BEGIN Information shown

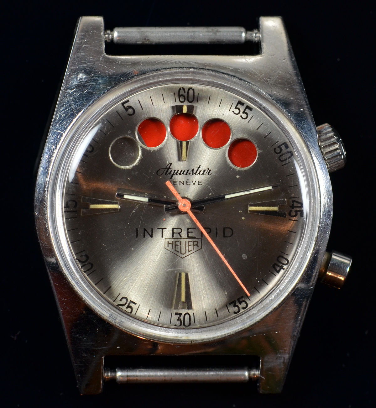 Patented in 1964, the Aquastar Regate used five disappearing red balls to count down to the start of a yacht race. When the pusher is pressed, the five red balls appear, and the second hand flies back to zero and starts running. After five minutes, the red balls have turned to silver, “disappearing” as they match the silver of the dial.
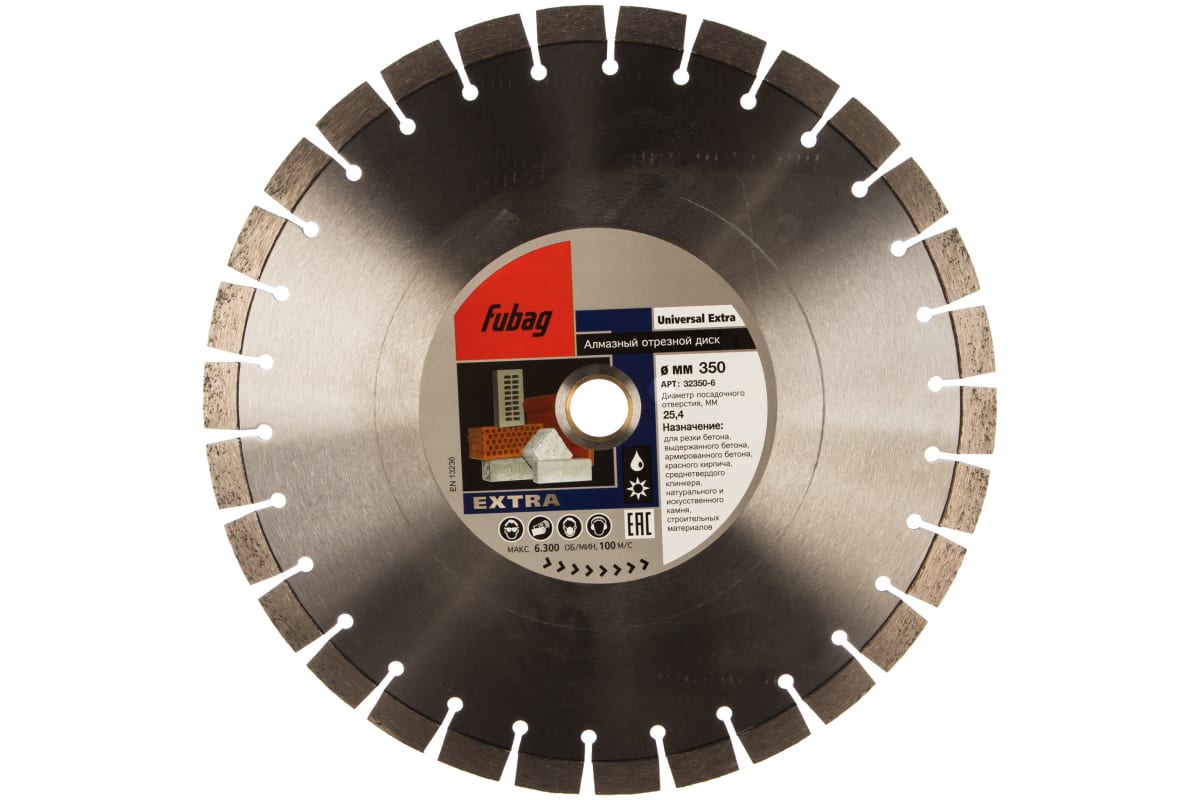 Алмазный отрезной диск Universal Extra FUBAG 32350-6 является сменным элементом для плиткорезов. Применяется для реза бетона, выдержанного бетона, армированного бетона, красного кирпича, натурального и искусственного камня и различных строительных материалов. Высота сегментов — 14 мм.
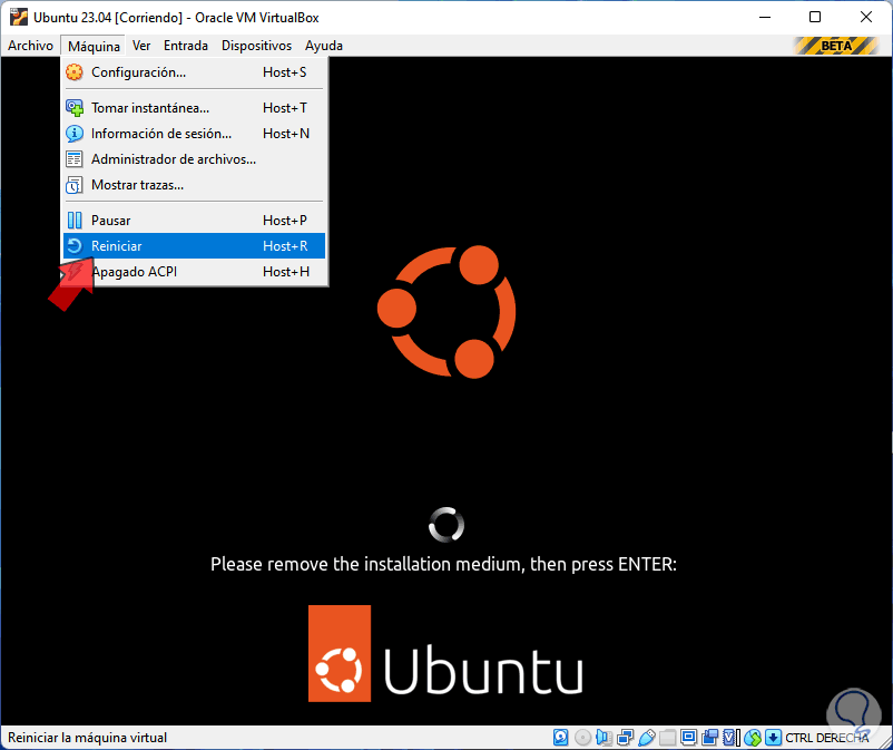 Al reiniciar salta el error de que esta el medio de instalación, para evitarlo vamos a "Máquina - Reiniciar" para cargar el arranque normal:
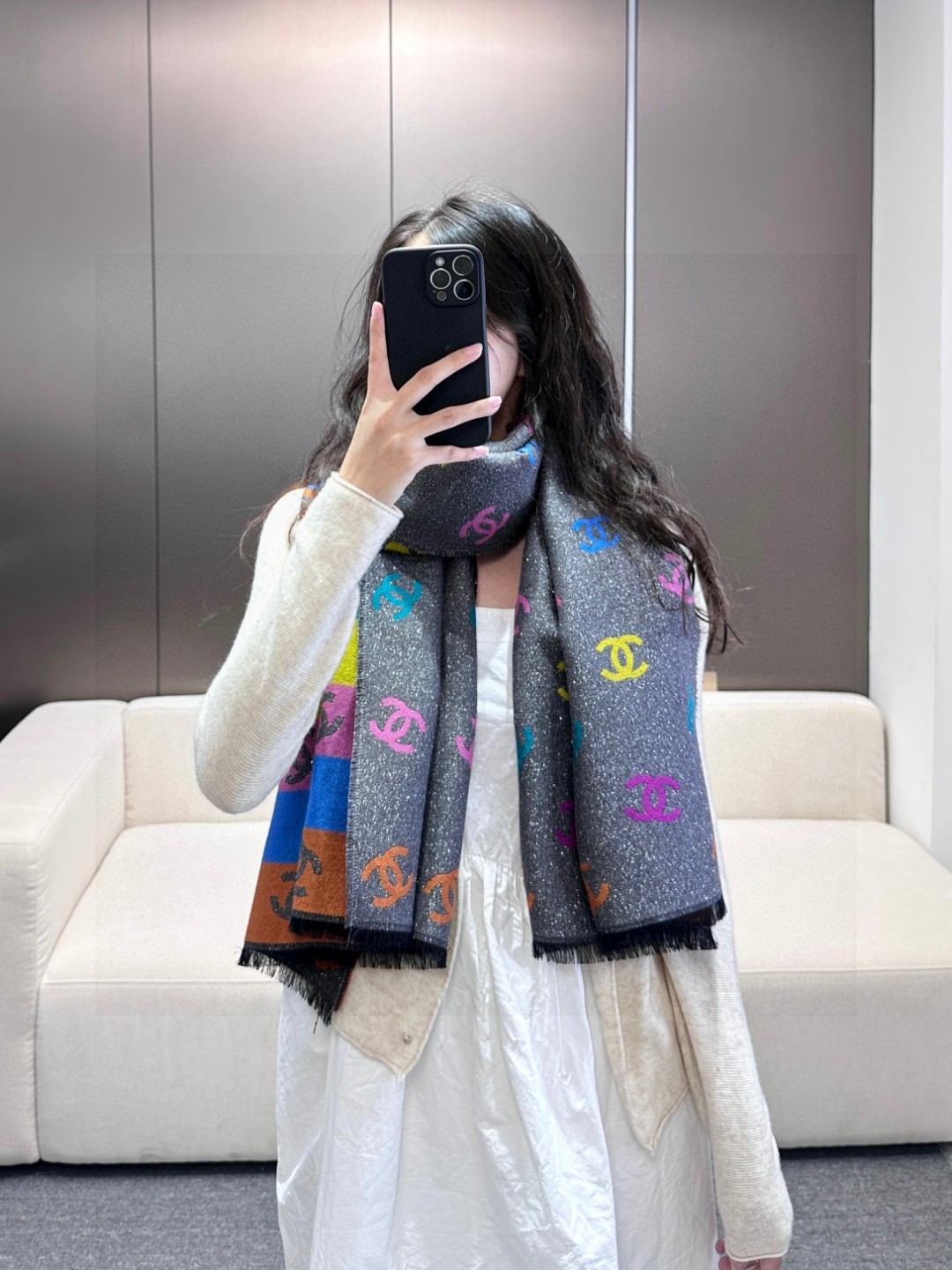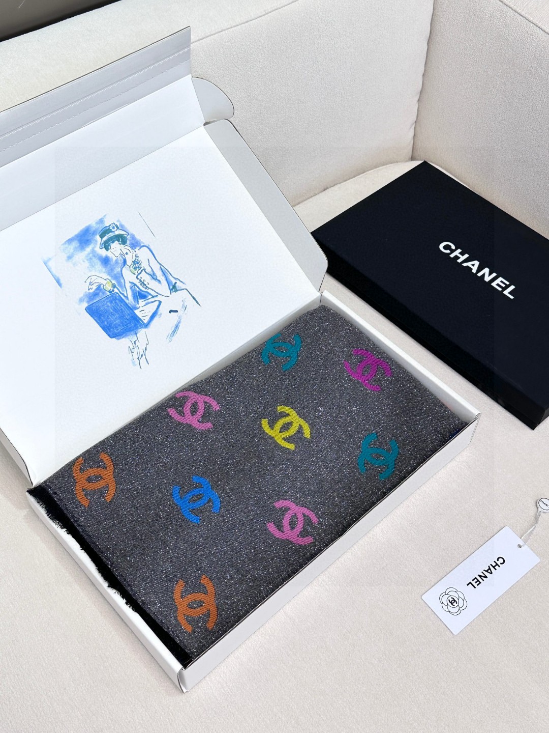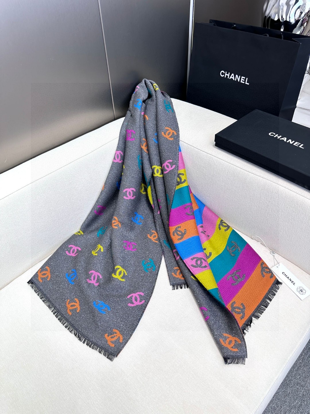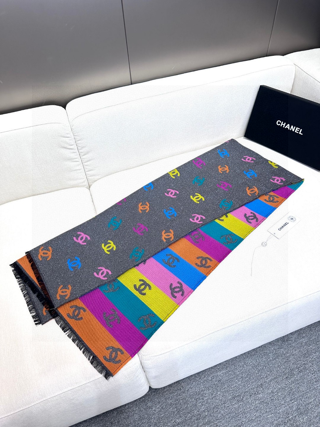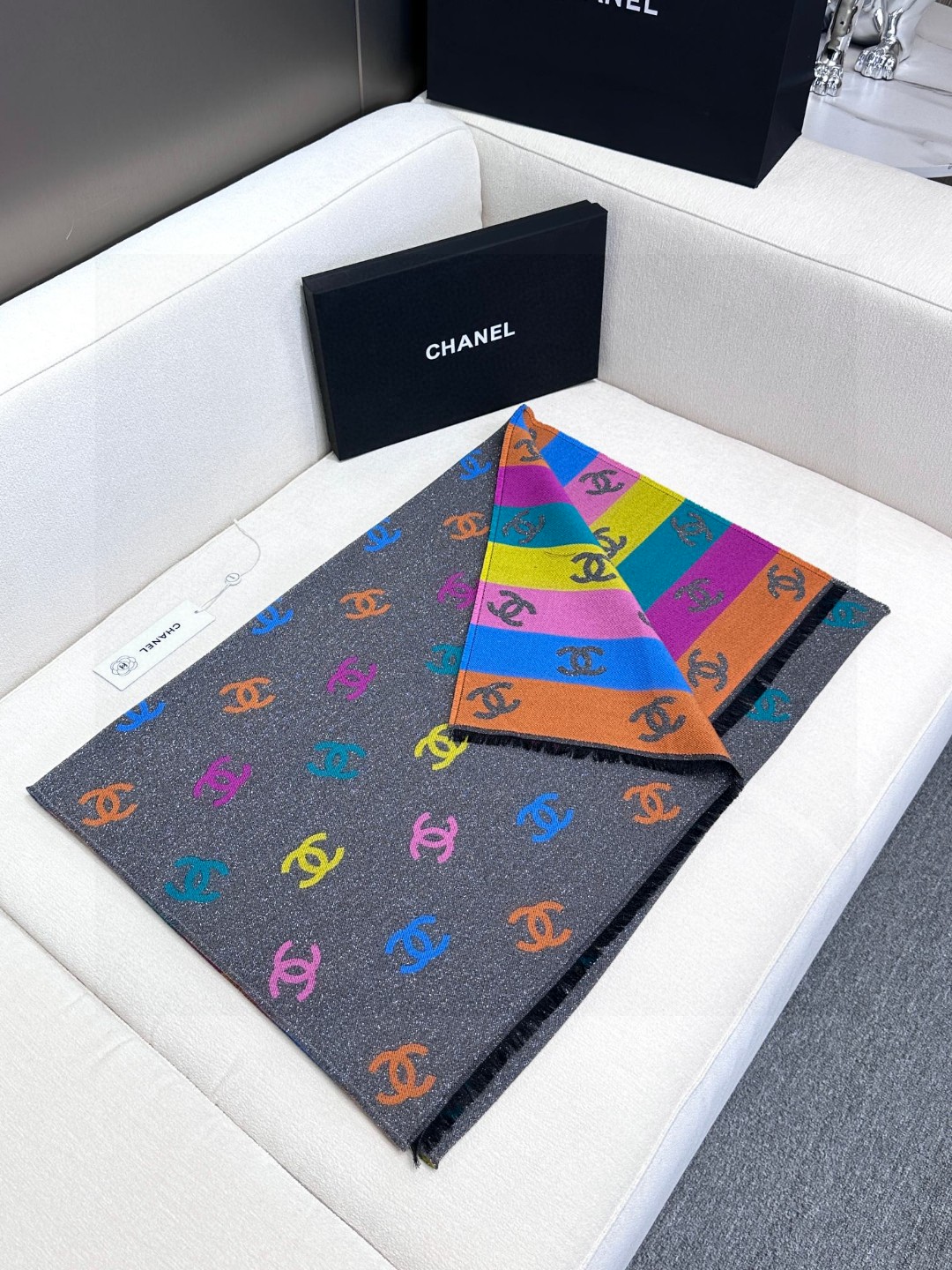 DetailThe feel is softer than I imagined. Both sides are excellent. The black side has a base color with fine glitter, and the colored side has a logo with fine glitter. Both sides are excellent. Compared to the same old things, I always love these details of Chanel. If you are tired of black and white, a colorful scarf would be very nice.
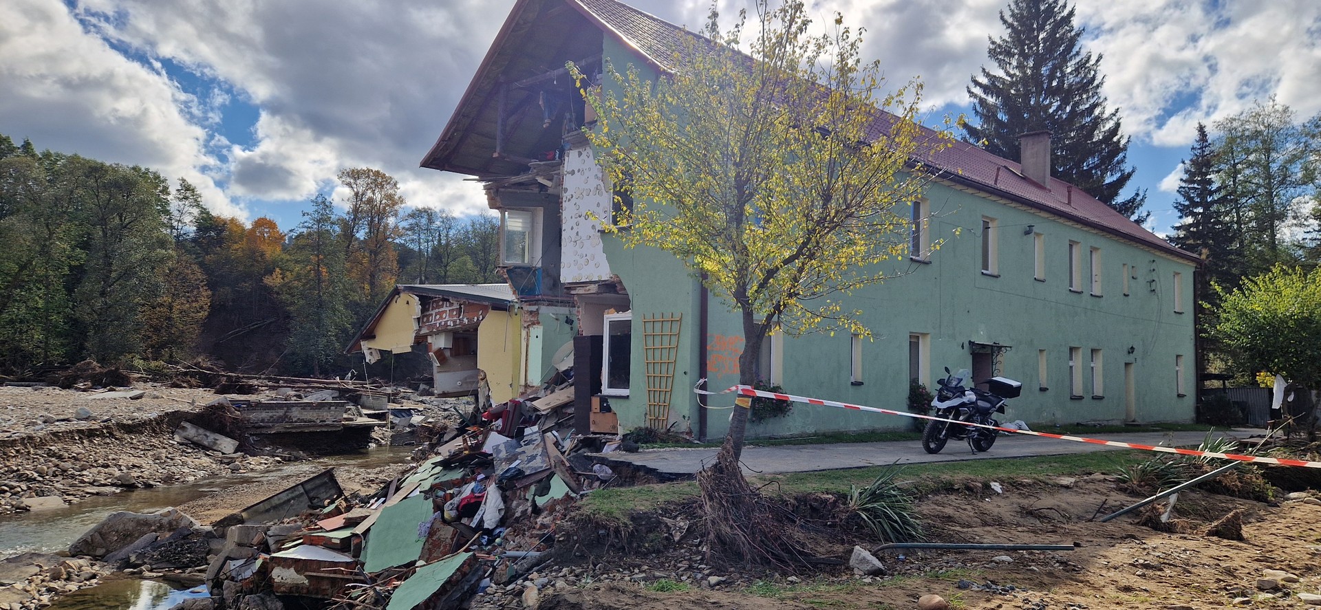 13.09.2024 powódź zaskoczyła mnie i znajomych w Bielicach nad rzeką Białą Łądecką w Chacie Cyborga. Spedziliśmy tam cztery dni czekając aż bedziemy w stanie się wydostać. Postanowiłem po miesiącu od tamtych wydarzeń odwiedzić te tereny.
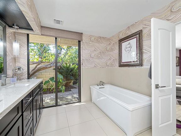 PRIVATE, LUSH and DONE!!!This home is absolutely move-in ready!The lush and newly designed wrap around patio, with new Alumawood patio cover, is the perfect place to entertain friends or relax in quiet solitude. It's also ideal for pet owners as it is off of the golf course and completely enclosed for your pets safety. You can drink in the western mountain views from the front courtyard and it would be a great space for a large, private spa.The kitchen features stainless appliances, quartz counters and custom cabinetry. Tile flooring throughout gives it a warm and sleek feel. The open concept living and dining room is very spacious and is framed by a beautiful stack stone fireplace. All bedrooms and bathrooms are remodeled and feature custom paint and wallpaper and the primary bath has a fabulous soaking tub. The third bedroom currently serves as a wonderful home office and media room. With all new ducting and 30 leased solar panels, (a nominal $207 monthly), this home is very energy efficient. New custom cabinetry in the garage affords you plenty of storage and will the envy of your neighbors! Located centrally within the gated community of The Springs, you have quick access to the newly remodeled clubhouse, golf course, pickle ball and tennis courts as well as bocce and fitness center. The Springs plays host to numerous clubs activities and events throughout the year providing a very active and fun lifestyle! Please call today to experience this home for yourself!
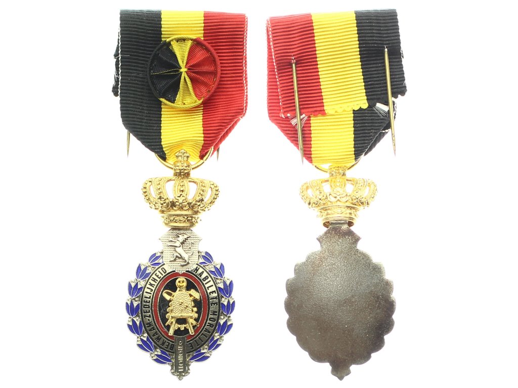 Belgie, AE dekorace Medaile za zdatnost, morálku a dobré chování (Medaille voor ZEDELIJKHEID, HABILETEIT EN GOED GEDRAG), 1.třída, stuha, stužka, etue, luxusní stav 0/0/0...viz autentické foto
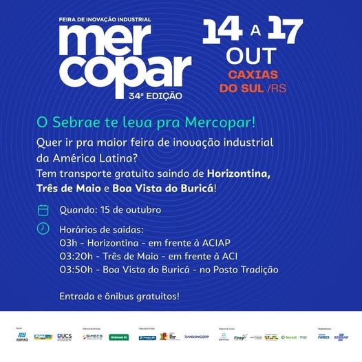 BOA VISTA DO BURICÁ – O SEBRAE convida todos os interessados em participarem da Mercopar 2025 – maior feira de Inovação Industrial da América Latina
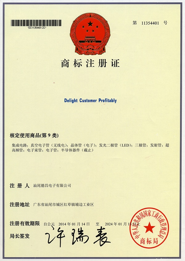 是汕尾德昌電子有限公司在中國的注冊商標(biāo)之一,受法律保護(hù),侵權(quán)必究。 未經(jīng)汕尾德昌電子有限公司書面許可,任何單位和個(gè)人不得以任何方式或理由對該商標(biāo)
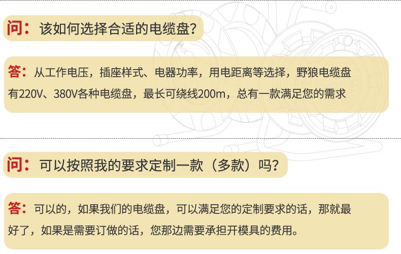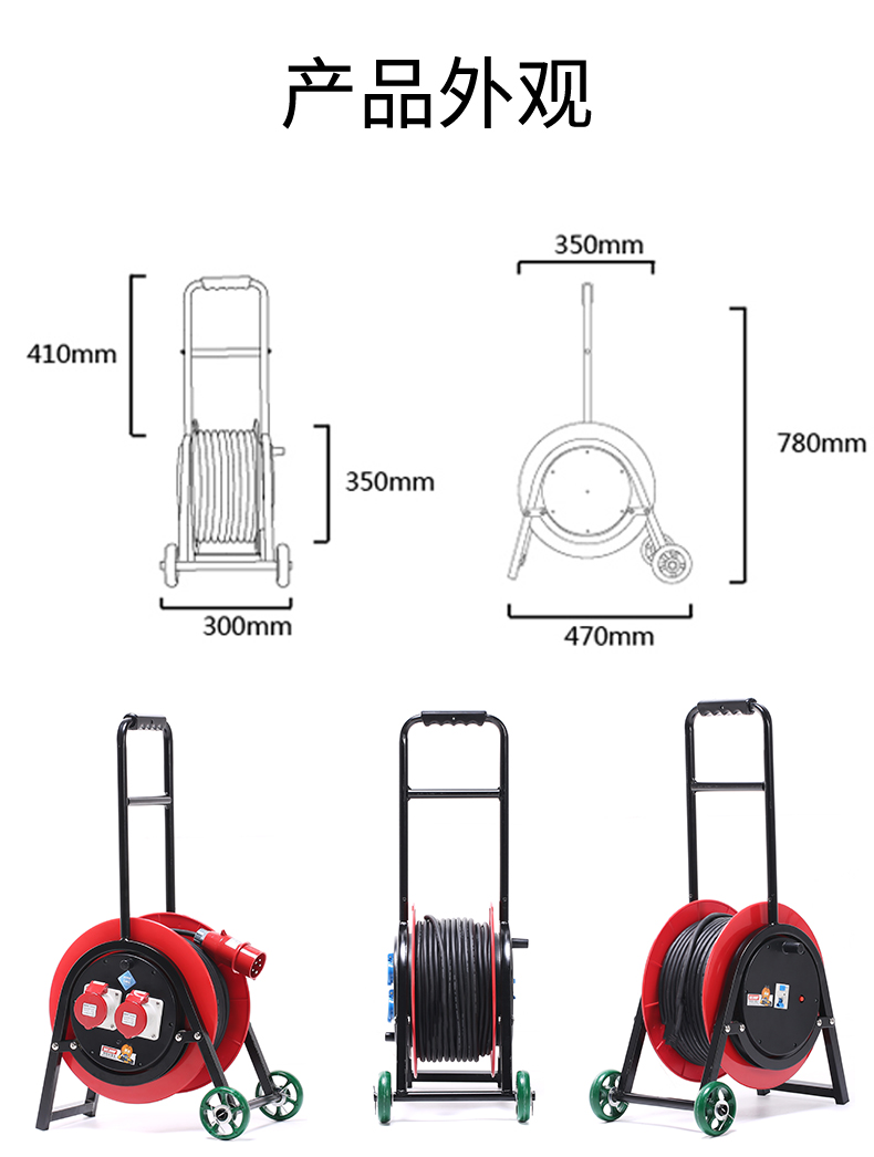 商品名称:野狼 YL-35CGS3-B 车轮式移动电缆盘电缆卷盘工业插座线卷盘

END Information shown

Your objective: Copy out the listing exactly as it stands, but not the pictures.

Your solution:
 Patented in 1964, the Aquastar Regate used five disappearing red balls to count down to the start of a yacht race. When the pusher is pressed, the five red balls appear, and the second hand flies back to zero and starts running. After five minutes, the red balls have turned to silver, “disappearing” as they match the silver of the dial.
 Алмазный отрезной диск Universal Extra FUBAG 32350-6 является сменным элементом для плиткорезов. Применяется для реза бетона, выдержанного бетона, армированного бетона, красного кирпича, натурального и искусственного камня и различных строительных материалов. Высота сегментов — 14 мм.
 Al reiniciar salta el error de que esta el medio de instalación, para evitarlo vamos a "Máquina - Reiniciar" para cargar el arranque normal:
 DetailThe feel is softer than I imagined. Both sides are excellent. The black side has a base color with fine glitter, and the colored side has a logo with fine glitter. Both sides are excellent. Compared to the same old things, I always love these details of Chanel. If you are tired of black and white, a colorful scarf would be very nice.
 13.09.2024 powódź zaskoczyła mnie i znajomych w Bielicach nad rzeką Białą Łądecką w Chacie Cyborga. Spedziliśmy tam cztery dni czekając aż bedziemy w stanie się wydostać. Postanowiłem po miesiącu od tamtych wydarzeń odwiedzić te tereny.
 PRIVATE, LUSH and DONE!!!This home is absolutely move-in ready!The lush and newly designed wrap around patio, with new Alumawood patio cover, is the perfect place to entertain friends or relax in quiet solitude. It's also ideal for pet owners as it is off of the golf course and completely enclosed for your pets safety. You can drink in the western mountain views from the front courtyard and it would be a great space for a large, private spa.The kitchen features stainless appliances, quartz counters and custom cabinetry. Tile flooring throughout gives it a warm and sleek feel. The open concept living and dining room is very spacious and is framed by a beautiful stack stone fireplace. All bedrooms and bathrooms are remodeled and feature custom paint and wallpaper and the primary bath has a fabulous soaking tub. The third bedroom currently serves as a wonderful home office and media room. With all new ducting and 30 leased solar panels, (a nominal $207 monthly), this home is very energy efficient. New custom cabinetry in the garage affords you plenty of storage and will the envy of your neighbors! Located centrally within the gated community of The Springs, you have quick access to the newly remodeled clubhouse, golf course, pickle ball and tennis courts as well as bocce and fitness center. The Springs plays host to numerous clubs activities and events throughout the year providing a very active and fun lifestyle! Please call today to experience this home for yourself!
 Belgie, AE dekorace Medaile za zdatnost, morálku a dobré chování (Medaille voor ZEDELIJKHEID, HABILETEIT EN GOED GEDRAG), 1.třída, stuha, stužka, etue, luxusní stav 0/0/0...viz autentické foto
 BOA VISTA DO BURICÁ – O SEBRAE convida todos os interessados em participarem da Mercopar 2025 – maior feira de Inovação Industrial da América Latina
 是汕尾德昌電子有限公司在中國的注冊商標(biāo)之一,受法律保護(hù),侵權(quán)必究。 未經(jīng)汕尾德昌電子有限公司書面許可,任何單位和個(gè)人不得以任何方式或理由對該商標(biāo)
 商品名称:野狼 YL-35CGS3-B 车轮式移动电缆盘电缆卷盘工业插座线卷盘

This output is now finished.